Foreign Language Learning
at the ELementary Level

 This site was created for a First Year Honors Tutorial in Second Language Acquisition at Mount Holyoke College with Professor Van Handle.



When I spent my junior year of high school in France, I volunteered at the Montessori School in Rennes, Brittany. Some classmates and I taught English to a group of kindergartners once a week. The teachers asked us to speak nothing but English with the children, but we soon realized that this was nearly impossible; we had to translate phrases for them or they were lost. It took quick thinking to come up with new and interesting ways for them to learn English vocabulary because it was so hard for them to pay attention for more than a minute or two.
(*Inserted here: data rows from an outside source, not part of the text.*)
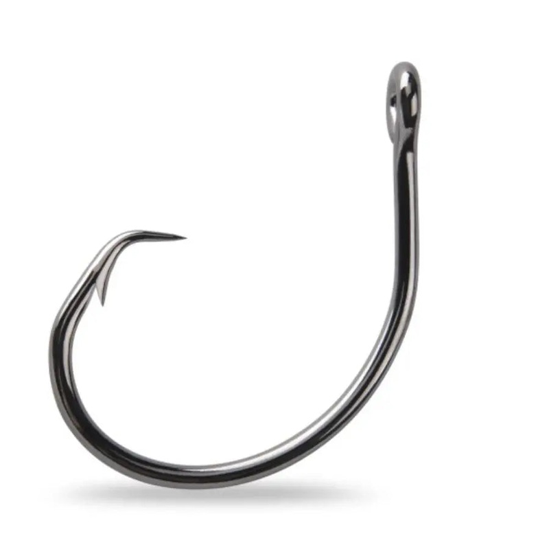 The Mustad Demon Wide Gap Circle Hook is a true circle hook featuring a wide gap, offering the best hookup ratios. The distinct curved shape of the circle hook will, when the fish takes the baited hook and swallows it, ensure that the hook travels to the corner of the mouth or lip, resulting in fewer deep-hooked fish. The circle hook can be used for a whole range of applications from drifting with live bait for Tarpon or trolling for Marlin with bridle rigged to deep-dropping for Swordfish. When live baiting always match the hook size to the bait. Setting the hook is more of a firm tightening of the line, than an actual strike. It is in other words, the ultimate Catch&Release hook. Use it to target Tuna, Marlin, Sailfish, Swordfish, Sharks, Wahoo, Halibut, Amberjack, Permit, Striped Bass or Alligator Gar.
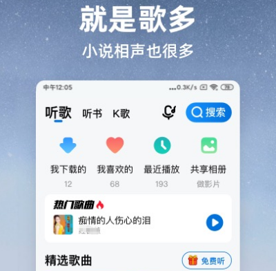 免流量听歌音乐播放器,网络神曲、火爆综艺、流行歌曲随你免费畅听。有智能推荐功能,加入独特的智能算法,成为懂你口味的音乐平台。
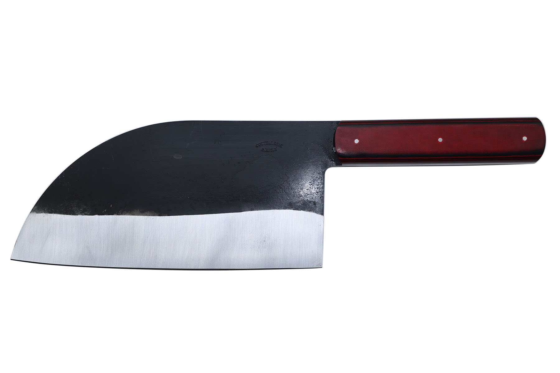 • Hachoir de cuisine style serbe Coutellerie Bourly - manche en micarta rouge
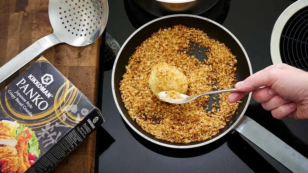 Melt the butter in a large frying pan and toast the Kikkoman Panko until golden brown. Remove the cooked dumplings from the water with a slotted spoon, drain well and roll in the buttery crumbs.

I wondered what other methods elementary school teachers of foreign languages used, and how they made sure that their students were actually acquiring some language skills that they could use in secondary school. As I studied second language acquisition this year, I read about some of the methods implemented and experimented with at all levels of schooling. My goal in this research was to find out what different strategies must be used to teach a second language to small children, as well as if teachers believe that teaching foreign languages at a young age is effective, and how they think it might serve their students in the future. My hypothesis is that the teaching methods used in elementary school foreign language programs have to be more oriented toward visual, oral, and aural language skills instead of reading and writing proficiency, and that the activities must be short and diverse to hold the students' attention for the entire class.